*** Block opens ***
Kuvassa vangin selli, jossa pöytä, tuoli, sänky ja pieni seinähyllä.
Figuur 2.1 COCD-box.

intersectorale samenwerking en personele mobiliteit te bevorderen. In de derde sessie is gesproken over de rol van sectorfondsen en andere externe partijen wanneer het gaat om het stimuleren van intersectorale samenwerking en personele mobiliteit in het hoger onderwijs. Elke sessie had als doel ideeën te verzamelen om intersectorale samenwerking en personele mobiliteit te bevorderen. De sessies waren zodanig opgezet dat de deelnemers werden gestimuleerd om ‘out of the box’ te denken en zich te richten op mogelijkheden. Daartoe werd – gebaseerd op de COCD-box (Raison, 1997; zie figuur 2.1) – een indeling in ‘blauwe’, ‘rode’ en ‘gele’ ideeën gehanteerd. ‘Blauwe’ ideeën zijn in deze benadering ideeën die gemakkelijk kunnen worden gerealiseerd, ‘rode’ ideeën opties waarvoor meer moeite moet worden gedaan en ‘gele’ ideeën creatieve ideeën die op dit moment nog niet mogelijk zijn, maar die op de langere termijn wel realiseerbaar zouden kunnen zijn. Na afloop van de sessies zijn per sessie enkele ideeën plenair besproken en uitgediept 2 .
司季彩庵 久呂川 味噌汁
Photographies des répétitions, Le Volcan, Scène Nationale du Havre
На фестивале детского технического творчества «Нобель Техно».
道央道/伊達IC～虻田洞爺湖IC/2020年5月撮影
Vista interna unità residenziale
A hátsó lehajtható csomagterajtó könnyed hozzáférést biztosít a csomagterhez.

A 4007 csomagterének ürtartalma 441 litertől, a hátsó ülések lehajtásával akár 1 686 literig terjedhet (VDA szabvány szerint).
*** Block closes ***
*** Block opens ***
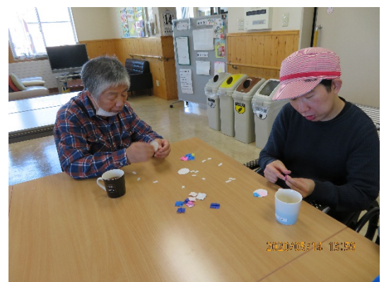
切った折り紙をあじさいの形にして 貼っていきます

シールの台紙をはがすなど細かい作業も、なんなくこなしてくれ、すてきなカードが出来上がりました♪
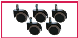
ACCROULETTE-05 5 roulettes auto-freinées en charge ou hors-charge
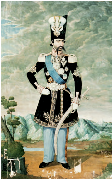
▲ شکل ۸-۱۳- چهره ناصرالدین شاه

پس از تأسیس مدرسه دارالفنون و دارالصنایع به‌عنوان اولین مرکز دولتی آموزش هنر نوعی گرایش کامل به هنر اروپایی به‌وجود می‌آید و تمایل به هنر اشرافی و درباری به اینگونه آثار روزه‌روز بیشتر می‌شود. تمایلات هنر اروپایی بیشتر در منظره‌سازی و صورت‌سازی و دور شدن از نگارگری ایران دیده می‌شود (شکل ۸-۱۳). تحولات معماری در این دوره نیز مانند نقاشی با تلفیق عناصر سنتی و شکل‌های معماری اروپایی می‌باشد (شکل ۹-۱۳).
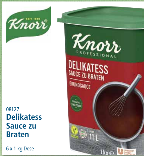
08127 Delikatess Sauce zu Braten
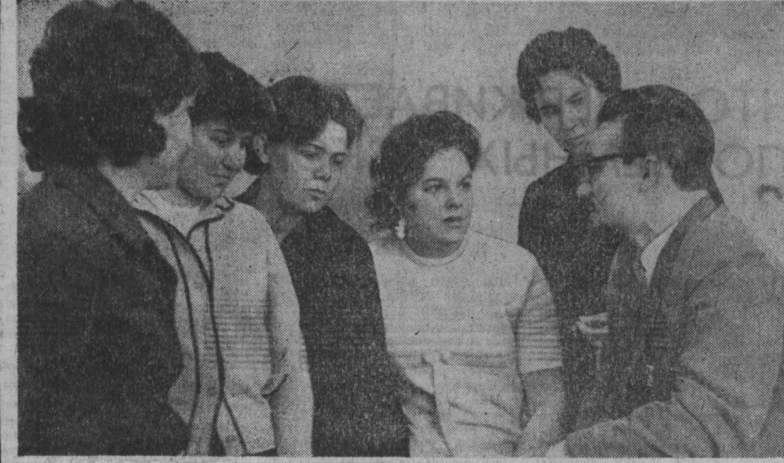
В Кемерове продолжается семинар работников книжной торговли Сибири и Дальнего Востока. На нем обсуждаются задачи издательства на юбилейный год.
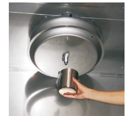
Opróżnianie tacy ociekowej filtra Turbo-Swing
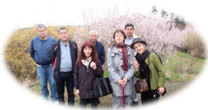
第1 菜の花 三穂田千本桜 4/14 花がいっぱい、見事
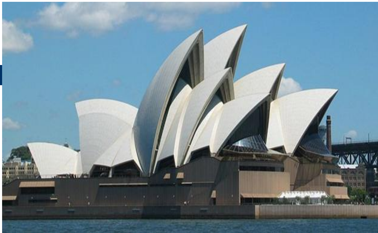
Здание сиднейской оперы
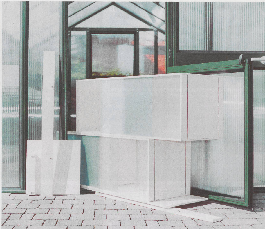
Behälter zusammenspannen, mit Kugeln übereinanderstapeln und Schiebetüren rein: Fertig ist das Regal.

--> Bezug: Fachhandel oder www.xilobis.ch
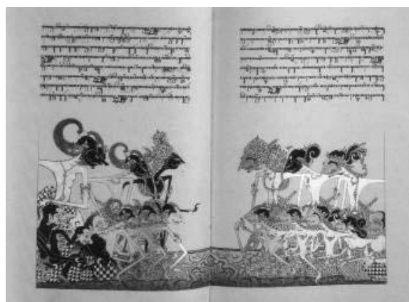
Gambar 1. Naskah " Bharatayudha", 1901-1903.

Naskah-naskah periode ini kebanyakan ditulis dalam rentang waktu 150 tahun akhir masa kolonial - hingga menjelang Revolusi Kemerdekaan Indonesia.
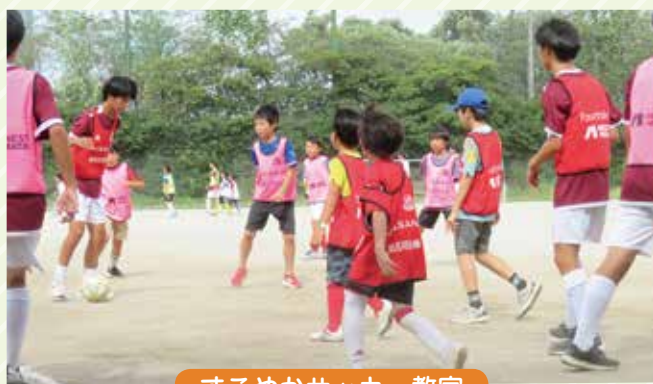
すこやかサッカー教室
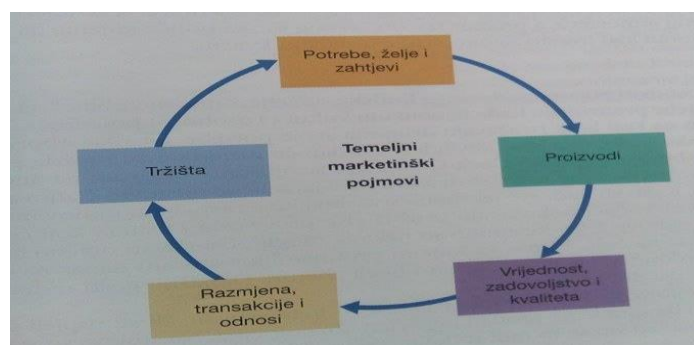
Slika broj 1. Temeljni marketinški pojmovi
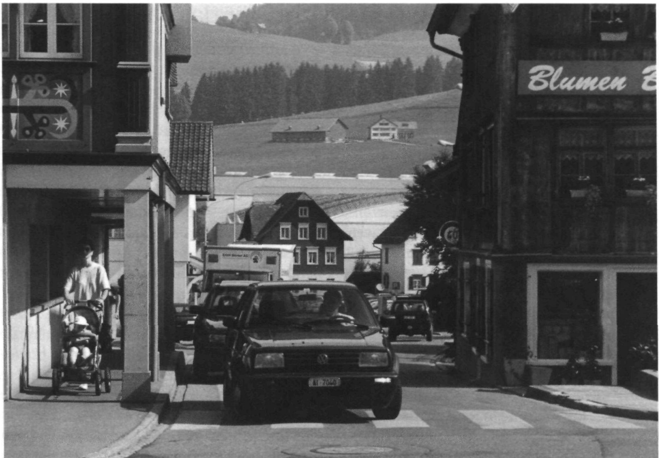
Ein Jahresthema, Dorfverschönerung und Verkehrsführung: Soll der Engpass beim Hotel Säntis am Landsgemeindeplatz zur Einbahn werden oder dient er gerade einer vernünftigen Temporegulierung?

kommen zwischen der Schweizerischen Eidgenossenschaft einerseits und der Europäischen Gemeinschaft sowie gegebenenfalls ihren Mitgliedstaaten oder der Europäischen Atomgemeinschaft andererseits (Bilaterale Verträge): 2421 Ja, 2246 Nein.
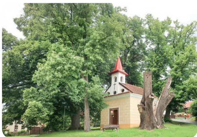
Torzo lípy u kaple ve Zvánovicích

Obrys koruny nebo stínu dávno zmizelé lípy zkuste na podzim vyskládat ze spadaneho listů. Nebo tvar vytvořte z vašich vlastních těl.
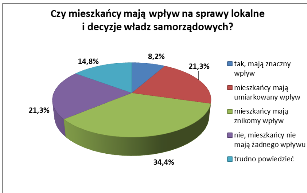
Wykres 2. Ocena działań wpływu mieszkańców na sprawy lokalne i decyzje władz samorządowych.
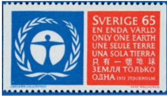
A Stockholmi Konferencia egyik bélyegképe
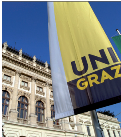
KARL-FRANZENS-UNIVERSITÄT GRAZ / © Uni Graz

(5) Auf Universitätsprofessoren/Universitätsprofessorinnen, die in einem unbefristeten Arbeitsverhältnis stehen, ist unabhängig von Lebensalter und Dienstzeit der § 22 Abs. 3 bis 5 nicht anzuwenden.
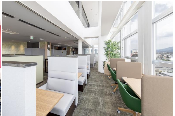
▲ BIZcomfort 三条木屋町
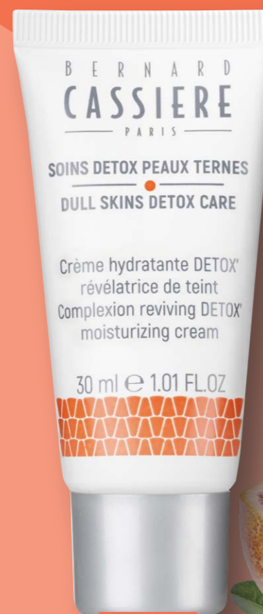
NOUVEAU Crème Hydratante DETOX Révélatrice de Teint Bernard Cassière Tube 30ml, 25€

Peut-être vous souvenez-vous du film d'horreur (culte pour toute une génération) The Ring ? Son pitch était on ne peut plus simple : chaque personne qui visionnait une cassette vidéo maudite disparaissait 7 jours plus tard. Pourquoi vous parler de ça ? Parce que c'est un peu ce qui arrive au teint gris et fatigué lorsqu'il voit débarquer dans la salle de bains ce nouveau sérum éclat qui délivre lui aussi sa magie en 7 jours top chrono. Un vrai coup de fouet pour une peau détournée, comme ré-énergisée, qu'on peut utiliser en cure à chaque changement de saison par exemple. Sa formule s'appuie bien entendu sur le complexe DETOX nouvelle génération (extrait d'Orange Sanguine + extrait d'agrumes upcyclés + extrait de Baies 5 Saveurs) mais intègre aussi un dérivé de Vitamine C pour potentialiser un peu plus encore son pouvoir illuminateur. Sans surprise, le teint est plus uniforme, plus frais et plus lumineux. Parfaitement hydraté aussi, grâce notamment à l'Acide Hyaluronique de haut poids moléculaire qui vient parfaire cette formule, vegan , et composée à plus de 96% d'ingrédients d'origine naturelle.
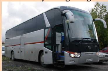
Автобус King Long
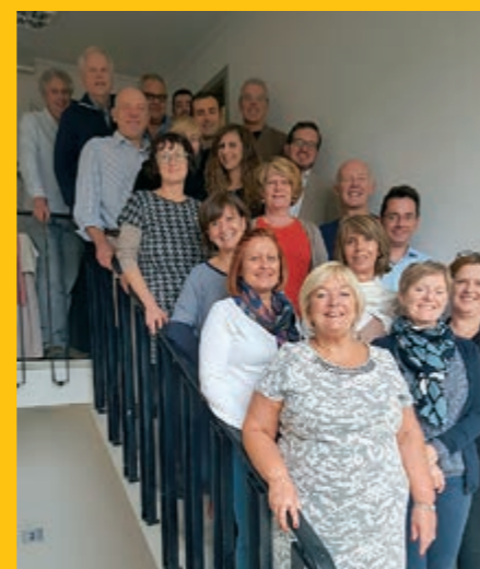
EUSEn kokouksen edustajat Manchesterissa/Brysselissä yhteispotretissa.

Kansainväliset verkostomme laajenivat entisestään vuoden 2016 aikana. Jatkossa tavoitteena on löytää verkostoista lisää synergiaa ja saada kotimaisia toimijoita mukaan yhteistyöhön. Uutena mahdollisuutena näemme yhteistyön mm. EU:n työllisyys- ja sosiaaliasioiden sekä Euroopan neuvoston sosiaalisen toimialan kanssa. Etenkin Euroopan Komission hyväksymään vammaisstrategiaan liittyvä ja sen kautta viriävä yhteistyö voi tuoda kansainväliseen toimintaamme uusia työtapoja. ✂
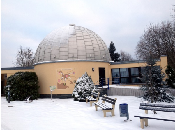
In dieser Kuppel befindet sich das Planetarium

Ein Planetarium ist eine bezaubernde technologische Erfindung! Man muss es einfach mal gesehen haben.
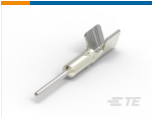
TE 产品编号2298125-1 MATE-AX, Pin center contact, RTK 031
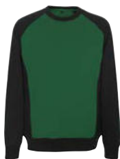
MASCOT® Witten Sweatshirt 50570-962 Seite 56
*** Block closes ***
ACTION ITEM
Skip every picture, and restate word for word only the lines above from the line containing "シールの台紙をはがすなど細か" to the line containing "Obrys koruny nebo", both of them included.

EXERCISE OUTPUT
シールの台紙をはがすなど細かい作業も、なんなくこなしてくれ、すてきなカードが出来上がりました♪
ACCROULETTE-05 5 roulettes auto-freinées en charge ou hors-charge
▲ شکل ۸-۱۳- چهره ناصرالدین شاه

پس از تأسیس مدرسه دارالفنون و دارالصنایع به‌عنوان اولین مرکز دولتی آموزش هنر نوعی گرایش کامل به هنر اروپایی به‌وجود می‌آید و تمایل به هنر اشرافی و درباری به اینگونه آثار روزه‌روز بیشتر می‌شود. تمایلات هنر اروپایی بیشتر در منظره‌سازی و صورت‌سازی و دور شدن از نگارگری ایران دیده می‌شود (شکل ۸-۱۳). تحولات معماری در این دوره نیز مانند نقاشی با تلفیق عناصر سنتی و شکل‌های معماری اروپایی می‌باشد (شکل ۹-۱۳).
08127 Delikatess Sauce zu Braten
В Кемерове продолжается семинар работников книжной торговли Сибири и Дальнего Востока. На нем обсуждаются задачи издательства на юбилейный год.
Opróżnianie tacy ociekowej filtra Turbo-Swing
第1 菜の花 三穂田千本桜 4/14 花がいっぱい、見事
Здание сиднейской оперы
Behälter zusammenspannen, mit Kugeln übereinanderstapeln und Schiebetüren rein: Fertig ist das Regal.

--> Bezug: Fachhandel oder www.xilobis.ch
Gambar 1. Naskah " Bharatayudha", 1901-1903.

Naskah-naskah periode ini kebanyakan ditulis dalam rentang waktu 150 tahun akhir masa kolonial - hingga menjelang Revolusi Kemerdekaan Indonesia.
すこやかサッカー教室
Slika broj 1. Temeljni marketinški pojmovi
Ein Jahresthema, Dorfverschönerung und Verkehrsführung: Soll der Engpass beim Hotel Säntis am Landsgemeindeplatz zur Einbahn werden oder dient er gerade einer vernünftigen Temporegulierung?

kommen zwischen der Schweizerischen Eidgenossenschaft einerseits und der Europäischen Gemeinschaft sowie gegebenenfalls ihren Mitgliedstaaten oder der Europäischen Atomgemeinschaft andererseits (Bilaterale Verträge): 2421 Ja, 2246 Nein.
Torzo lípy u kaple ve Zvánovicích

Obrys koruny nebo stínu dávno zmizelé lípy zkuste na podzim vyskládat ze spadaneho listů. Nebo tvar vytvořte z vašich vlastních těl.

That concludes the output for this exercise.